This module uses orchestration_v2 models directly.

Example using TemplateRef with ID:

>>> from gen_ai_hub.evaluations.models import EvaluationConfig, Dataset, MetricConfig
>>> from gen_ai_hub.orchestration_v2.models.llm_model_details import LLMModelDetails as LLM
>>> from gen_ai_hub.orchestration_v2.models.template_ref import TemplateRef, TemplateRefByID
>>> config = EvaluationConfig(
...     dataset_config=Dataset("data/test.jsonl"),
...     metrics=[MetricConfig(name="accuracy")],
...     llm=LLM(name="gpt-4", version="latest"),
...     template=TemplateRef(template_ref=TemplateRefByID(id="template-id-here")),
...     test_row_count=100
... )

Example using TemplateRef with scenario/name/version:

>>> from gen_ai_hub.orchestration_v2.models.template_ref import TemplateRefByScenarioNameVersion
>>> config = EvaluationConfig(
...     dataset_config=Dataset("data/test.jsonl"),
...     metrics=[MetricConfig(name="accuracy")],
...     llm=LLM(name="gpt-4", version="latest", params={"temperature": 0.7}),
...     template=TemplateRef(template_ref=TemplateRefByScenarioNameVersion(
...         scenario="foundation-models", name="prompt1", version="1.0"
...     )),
...     test_row_count=100
... )

__init__(dataset_config, metrics, llm=None, template=None, orchestration_registry_reference=None, template_variable_mapping=None, test_row_count=-1, repetitions=1, tags='{}', debug_mode=False)

Initialize an EvaluationConfig instance.

Parameters:

dataset_config (Dataset) -- Dataset configuration object
metrics (List[MetricConfig]) -- List of metric configurations
llm (Optional[LLM]) -- LLM object from orchestration_v2 (LLMModelDetails), defaults to None
template (Optional[Union[str, PromptTemplateSpec, TemplateRef]]) -- Prompt template (string, PromptTemplateSpec, or TemplateRef), defaults to None
orchestration_registry_reference (Optional[str]) -- UUID of orchestration config, defaults to None
template_variable_mapping (Optional[dict]) -- Variable mapping for prompt template, defaults to None
test_row_count (Optional[int]) -- Number of dataset rows to sample (-1 for all), defaults to -1
repetitions (Optional[int]) -- Number of evaluation repetitions (minimum: 1), defaults to 1
tags (Optional[dict]) -- Key-value metadata pairs applied to all runs, defaults to "{}"
debug_mode (Optional[bool]) -- Enable debug logging, defaults to False

Raises:

ValueError -- If neither (llm, template) nor orchestration_registry_reference is provided

class EvaluationRun

Bases: object

Represents an individual EvaluationRun object and its associated context.

Parameters:

run_id (str) -- Unique identifier for the evaluation run
execution_id (str) -- ID of the AI Core execution
ai_core_client (AICoreV2Client) -- AI Core client instance
configuration_id (str) -- ID of the configuration, defaults to None
artifact_id (str) -- ID of the artifact, defaults to None
resource_group (str) -- Resource group name, defaults to None
object_store_credentials (_AWSObjectStoreData) -- Object store credentials, defaults to None
metrics_list (List[str]) -- List of metrics to evaluate, defaults to None

__init__(run_id, execution_id, ai_core_client, configuration_id=None, artifact_id=None, resource_group=None, object_store_credentials=None, metrics_list=None)

Parameters:

run_id (str)
execution_id (str)
ai_core_client (AICoreV2Client)
configuration_id (str)
artifact_id (str)
resource_group (str)
object_store_credentials (_AWSObjectStoreData)
metrics_list (List[str])

get_current_status()

Get the current status of the evaluation run.

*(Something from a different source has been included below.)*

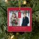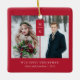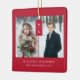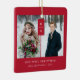 Este elegante y moderno ornamento cuenta con tres de tus fotos personales, con tus monogramas y un lugar para tus nombres y las palabras "nuestra primera Navidad" en blanco sobre un fondo rojo.

Returns:: Current status of the run
Return type:: Status
Raises:: ValueError -- If failed to retrieve the current status

get_debug_info()

Provide debug information when execution status is FAILED or DEAD.

Returns:: Execution status details including failed pod information
Return type:: ExecutionStatusDetails

get_debug_logs()

Get the complete trace of execution logs.

Returns:: List of log entries as dictionaries
Return type:: list

load_results_tables()

Download results from S3 and load the required table data.

Returns:: Dictionary containing completions and metrics table data
Return type:: dict
Raises:: RuntimeError -- If failed to download results

results()

Get the results of the evaluation run.

Returns:: Results object for accessing completion and metric results
Return type:: Results
Raises:: ValueError -- If execution is not completed

set_cached_results_data(data)

Set the cached results data from the child results class.

Parameters:: data (Any) -- Results data to cache

wait_for_completion(timeout=None)

Wait for the evaluation run to complete by polling status.

Parameters:: timeout (Optional[int]) -- Maximum time to wait in seconds, defaults to 3600 (1 hour)

class MetricConfig

Bases: object

Defines the metric config of the evaluation flow

Parameters:: reference(MetricRef): Provide the reference of metric to be evaluated, can be one of name,uuid(id), scenario/name/version variable_mapping(Optional[dict]): Any variable maping associated with the metric

__init__(reference, variable_mapping=None)

Parameters:

reference (MetricRef)
variable_mapping (dict)

class MetricRef

Bases: object

Represents a reference to a specific metric definition.

A metric can be identified in multiple ways: - By its UUID from metric management service (id) - By name (name) - By a combination of scenario, name, and version (scenario, name, version)

__init__(scenario=None, name=None, version=None, id=None)

Parameters:

scenario (str)
name (str)
version (str)
id (str)

class Results

Bases: object

Represents the Results handler for an EvaluationRun object.

This class provides methods to access completion results, metric results, and aggregated results for a specific evaluation run.

Parameters:: run (EvaluationRun) -- The parent EvaluationRun object

__init__(run)

Parameters:: run (EvaluationRun)

aggregations()

Get the aggregated results for the run from the tracking service.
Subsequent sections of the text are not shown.